Tugas Akhir Jurusan Tata Boga - Fakultas Teknik UM, 2011

Ukuran Huruf:  Kecil  Sedang  Besar

Inovasi Wingko Berbahan Dasar Tepung Gadung

Erni Gustami

Abstrak


ABSTRAK

 

Gustami, Erni. 2011. Inovasi Wingko Berbahan Dasar Tepung Gadung. Tugas Akhir. Progam Studi Tata Boga Fakultas Teknik Universitas Negeri Malang. Pembimbing: (1) Dr. Dra. Mazarina Devi, M.Si. (2) Ir. Ummi Rohajatien, M.P.

 

Kata Kunci: Wingko, tepung gadung, kelapa parut

 

            Wingko gadung adalah produk wingko yang dibuat dengan menggunakan tepung gadung dan kelapa parut sebagai bahan utama. Penggunaan kelapa parut bertujuan untuk mengetahui perbedaan dan tingkat kesukaan yang meliputi rasa, tekstur, aroma, dan warna dari wingko gadung tersebut.
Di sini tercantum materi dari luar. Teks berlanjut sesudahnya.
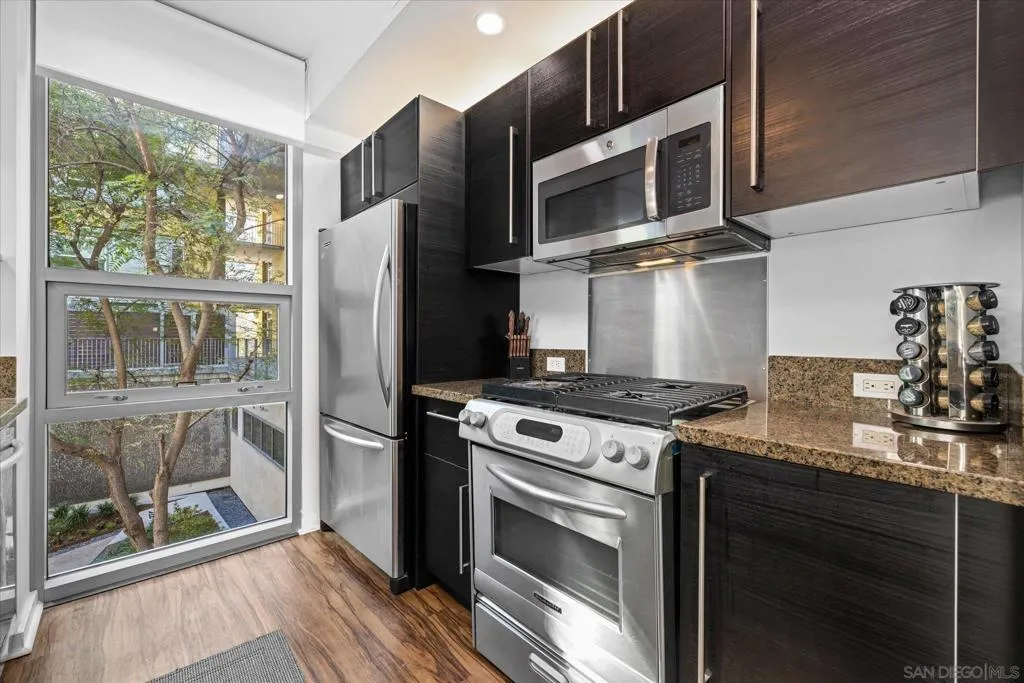 Get ready to upgrade your lifestyle here at the ICON high rise located in the heart of downtown San Diego. Having a walk score of 98/100, everything from restaurants, coffee shops, bars, shopping, grocery stores and of course Petco Park are all just a few steps away. Welcome to one of the largest one-bedroom, plus office space, floors plans in East Village, this SE corner residence gets an abundance of natural light and has lovely tree top views. This is one of the quietest units in all of downtown located on the inner sanctuary courtyard with eye catching sculptors and a radiating wall of glistening reflective wind elements to enhance your views. There is a separate area for a home office and an extra half bath for your guests. Bedroom en-suite has dual vanities and a walk-in closet. The expansive floor plan is flooded with natural light, thanks to the floor-to-ceiling windows that highlight the beauty of the courtyard. Enjoy a peaceful and private ambiance, with a thoughtful design that maximizes comfort and style. Ideal for those who appreciate a tranquil setting with easy access to city living, this condo truly feels like a sanctuary. Continued in supplement below... ICON has the best condo rooftop in all of downtown San Diego, named the ICON Skybox. This roof top has the most amazing views of the bay and downtown skyline. This amazing terrace has lots of seating, BBQs, a large screen TV and heaters. There is even a tiered seating section looking directly into Petco Park to watch baseball games and other events such as concerts etc. Other amenities include a large Fitness Center, Community Lounge with full kitchen, business center, TV, and workspace, Movie Theater, shared EV charger, 24/7 front desk staff and an onsite property manager. Don’t miss the opportunity to make this peaceful oasis your own!

            Penelitian ini adalah penelitian eksperimen yaitu membuat wingko berbahan dasar tepung gadung dengan persentase yang berbeda serta penambahan kelapa parut dalam jumlah yang berbeda. Analisis data yang digunakan dalam penelitian ini adalah Analisis Sidik Ragam, apabila ada perbedaan yang signifikan, dilanjutkan uji Duncan’s Multiple Range Test.

Hasil penelitian uji pembedaan pasangan menunjukkan rasa wingko berbahan dasar tepung gadung 70% dengan penambahan kelapa parut 30% lebih baik dari kontrol dengan derajat perbedaan yaitu berbeda sedikit dengan kontrol (wingko dari tepung beras ketan) skor rerata (5,69). Perbedaan tekstur wingko berbahan dasar tepung gadung 70% dengan penambahan kelapa parut 30% lebih baik dari kontrol dengan derajat perbedaan yaitu berbeda sedikit dengan kontrol (wingko dari tepung beras ketan) skor rerata (5,99). Perbedaan aroma wingko berbahan dasar tepung gadung 70% dengan penambahan kelapa parut 30% lebih baik dari kontrol dengan derajat perbedaan yaitu berbeda sedikit dengan kontrol (wingko dari tepung beras ketan) skor rerata (5,96). Perbedaan warna wingko berbahan dasar tepung gadung 70% dengan penambahan kelapa parut 30% lebih baik dari kontrol dengan derajat perbedaan yaitu berbeda sedikit dengan kontrol (wingko dari tepung beras ketan) skor rerata (5,87). Hasil uji pembedaan pasangan wingko gadung dengan wingko menunjukkan bahwa semakin tinggi persentase penambahan kelapa parut dalam pembuatan wingko gadung memberikan hasil berupa rasa wingko yang terlalu manis, tekstur mudah rapuh, aroma terlalu harum, dan warna coklat kehitaman. Hasil uji hedonik wingko gadung menunjukkan tingkat kesukaan wingko berbahan dasar tepung gadung 70% dengan penambahan kelapa parut 30% untuk rasa memperoleh skor rerata (3,54), tekstur memperoleh skor rerata (3,54), aroma memperoleh skor rerata (3,63), dan warna memperoleh skor rerata (3,66) yaitu panelis memilih kriteria suka. Wingko dengan 70% tepung gadung dan penambahan kelapa parut 30% merupakan wingko yang menghasilkan rasa, tekstur, aroma, dan warna yang berbeda sedikit dengan kontrol (wingko dari tepung beras ketan) dan disukai oleh panelis.

       Kesimpulan penelitian ini adalah penambahan kelapa parut dalam pembuatan wingko gadung akan menghasilkan produk yang hampir sama dengan wingko yang terbuat dari tepung beras ketan. Saran bagi peneliti selanjutnya adalah perlu diteliti mengenai daya simpan produk inovasi dari tepung gadung dan pemanfaatan tepung gadung sebagai produk olahan yang berdaya jual tinggi.